A technician with great attention to detail does not only benefit the company’s bottom line but also creates a safer working environment for themselves and all of their coworkers.
#4) Physical ability
A maintenance technician can’t be someone who is hesitant to get their hands dirty. This job position requires someone that is able to work in awkward positions (being bent over for example), that can carry heavy things from time to time, spend the whole shift standing, repeatedly climb and walk down the stairs, and so on.
Being able to stay concentrated during night shifts and overtime work is also not easy when someone is in poor physical shape.
It goes without saying that being good with your hands and having steady hands is a big plus (they won’t be defusing bombs, but will definitely feel like that a few times throughout their career).
#5) Basic computer skills
More and more organizations are moving from reactive to preventive maintenance
and are using modern CMMS solutions like Limble
to make that transition as smooth as possible.
What this means is that maintenance technicians need to know how to use a mobile phone to read work orders, track work notifications, log performed maintenance work, etc. That being said, the responsibility of the CMMS provider is to ensure that their software is easy to use in the first place.
Patience and people skills are not something you will often find on the list for technical job positions, but that doesn’t make them any less important.
Finding the root cause of a certain breakdown is not always going to be easy. Dealing with constant interruptions in a reactive environment can be very annoying. Improvised solutions that are the result of not having the proper tools or parts often won’t work on the first try.
It is much easier to deal with these kinds of problems if patience is one’s strong suit.
Additionally, patience is a characteristic that will also help in dealing with machine operators and people from other departments that send in a work request and have unrealistic expectations.
How much money does a maintenance technician make?
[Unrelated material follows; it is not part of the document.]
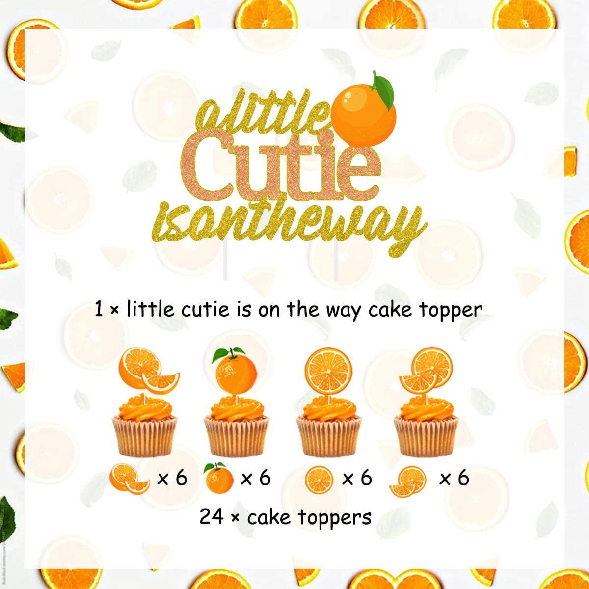Little Cutie Baby Shower Decorations Little Cutie is on the Way Cake Topper Tangerine Orange Baby Shower Cupcake Toppers for Clementine Party Supplies

A maintenance technician salary depends on:
- the industry they work for
- the size of the organization they work for
- years of experience under their belt
We did a little bit of research and it seems that entry-level positions at smaller organizations start at around $30k/year, while experienced technicians at top companies can earn upwards of $70k/year. Translated into hourly pay, the range is roughly between $15 and $22 per hour.
You’re probably more interested in the average yearly salary. Here is what the aggregated values from big job platforms say for the US market
- Payscale says that the yearly average maintenance technician salary is $45k with an additional $2.5k paid in bonuses and commissions.
- Salary.com suggests that the average Installation and maintenance technician salary is just over $53k/year.
- Indeed says that the average salary is around $42k/year with an additional $7k earned by working overtime.
- Glassdoor puts the average base pay at $40k/year plus $1.5k earned as additional compensation.
How the current pandemic will impact this corner of the job market remains to be seen. Employers should definitely be on the lookout for new ways of attracting qualified workforce
to combat the aging workforce and prevent labor shortage.
Maintenance technicians are the foundation of every maintenance department
An organization can have expensive machines, perfect inventory control, and superb maintenance plans and schedules, but if maintenance technicians are doing a consistently poor job, none of that is going to matter.
Proper training and onboarding practices supported with an easy-to-use CMMS will go a long way to ensure that the maintenance work is finished on time and follows the industry’s best practices.